_Problem description:_
Write the listing out again word for word, leaving each picture behind.

### Exercise data

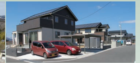
写真4 完成入居済地区(上高平地区)
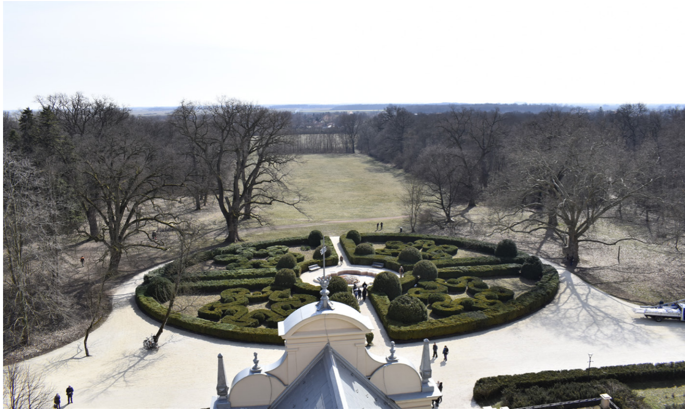
15. kép/Pict. 15: Szabadkígyós, Wenckheim-kastély – kastélypark rekonstrukció / Reconstruction of Wenckheim Castle Garden in Szabadkígyós

a természeti, a teremtett világ tiszteletén alapuló kapcsolatot környezetünkhöz, önmagunkhoz. A szegregálódott gondolkodást, a tudomány, a művészet és a társadalom szétforgácsolódását és öncélúságát ismét összművészeti tenni, humánussá formálni és kozmoökológiai tudatra emelni. Nagyon fontosnak tartom publikálni, szakmai és népszerűsítő könyveket kiadni, konferenciákat szervezni - kezdeményezője és szervezője vagyok a Mőcsényi Mihály nemzetközi konferenciának -, a kertművészet és a többi művészeti ág, a tudomány és társadalmi, turisztikai összefüggésében egyaránt.

######

_Reply:_
写真4 完成入居済地区(上高平地区)
15. kép/Pict. 15: Szabadkígyós, Wenckheim-kastély – kastélypark rekonstrukció / Reconstruction of Wenckheim Castle Garden in Szabadkígyós

a természeti, a teremtett világ tiszteletén alapuló kapcsolatot környezetünkhöz, önmagunkhoz. A szegregálódott gondolkodást, a tudomány, a művészet és a társadalom szétforgácsolódását és öncélúságát ismét összművészeti tenni, humánussá formálni és kozmoökológiai tudatra emelni. Nagyon fontosnak tartom publikálni, szakmai és népszerűsítő könyveket kiadni, konferenciákat szervezni - kezdeményezője és szervezője vagyok a Mőcsényi Mihály nemzetközi konferenciának -, a kertművészet és a többi művészeti ág, a tudomány és társadalmi, turisztikai összefüggésében egyaránt.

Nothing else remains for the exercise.